I don't even know if I'm comparing these two items correctly or not, but has anyone seen any cost analyses of these systems side by side? Would a person compare overall surface area for the PVC vs the Thermal, or would it be more like "A $30K system of PVC vs a $30K system for Thermal". Any thoughts on this?


----------



## Warwalk (May 25, 2011)

This was one of those solar collectors I was talking about... don't know if anyone's seen much done yet with these or not, or what the drawbacks would be. 

[ame]http://www.youtube.com/watch?v=jTvAL7ty53M[/ame]


----------



## Warwalk (May 25, 2011)

Any thoughts on the solar thermal shtuff?


----------



## artificer (Feb 26, 2007)

What are you trying to do? If you want electricity, photo-voltaic is the way to go. You don't get more power with reflected light, especially now that solar cell prices have gotten so cheap. Maybe in winter when its cold, the heating/lowering of efficiency will not be a problem. In summer, however, more light means more heat, and less efficiency. Cheaper to just add more panels.

If you want heat, then PV panels don't make sense.

If you want electricity, and are thinking of some heat-to-electricity method, you can compare them on a $/watt basis. On a small scale, I find it hard to believe the thermal energy to electrical conversion is going to be any where near as cheap as PV panels.

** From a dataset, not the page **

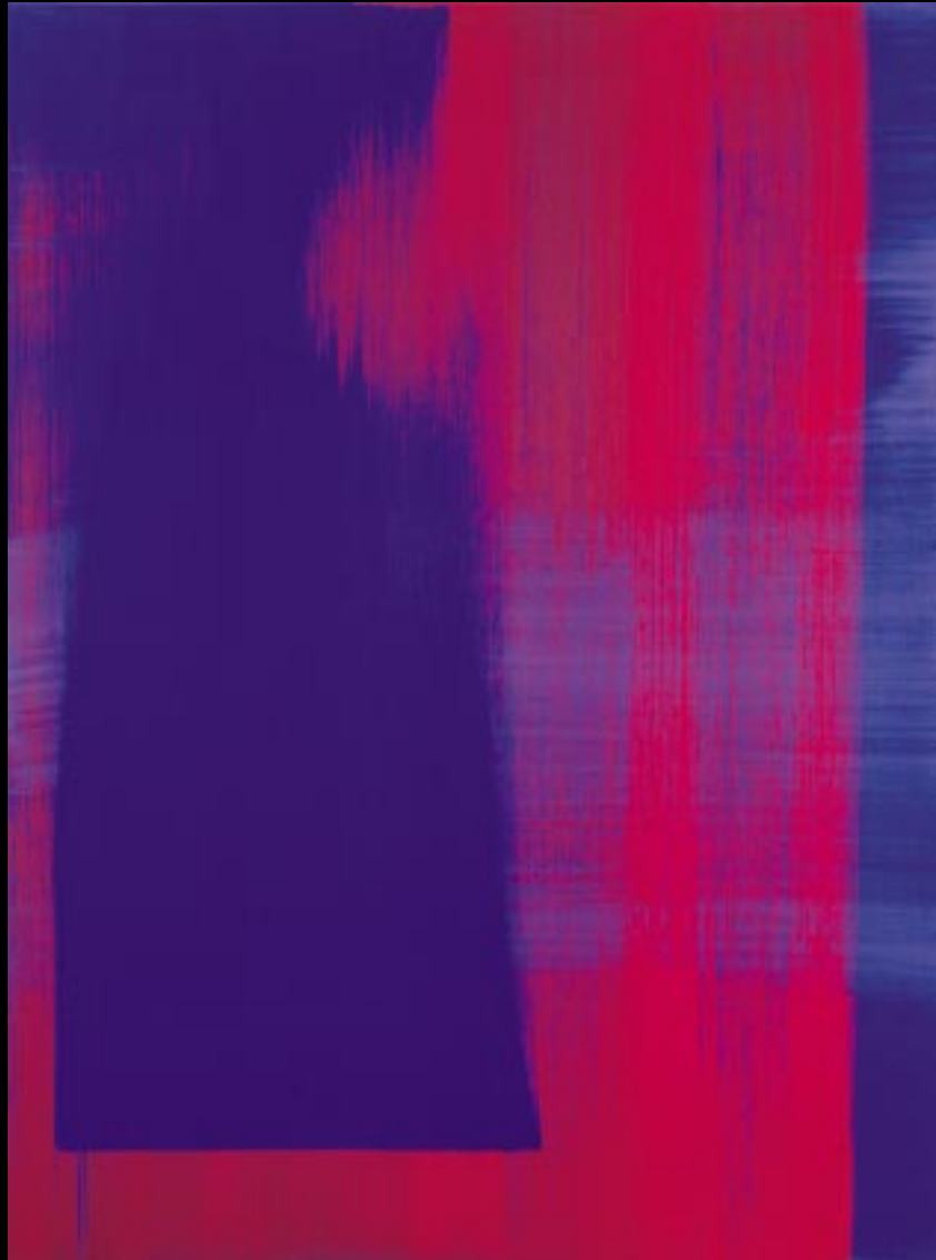
"BLAU UND ROT, FALLEND/ STEIGEND", 2000, 58 X 77 CM

Stirling engines are always brought up, but I have yet to see a commercial unit available for a reasonable price. ($1000-$2000)

Michael


----------



## Warwalk (May 25, 2011)

@Artificier ~ Huge thanks for the response! =) The system in question is basically the mirrored array focused on a single point, either heating water or some other medium to power a generator. In the case of the water, the water is turned to steam and vented (not recirculated) from "exhaust" pipes. 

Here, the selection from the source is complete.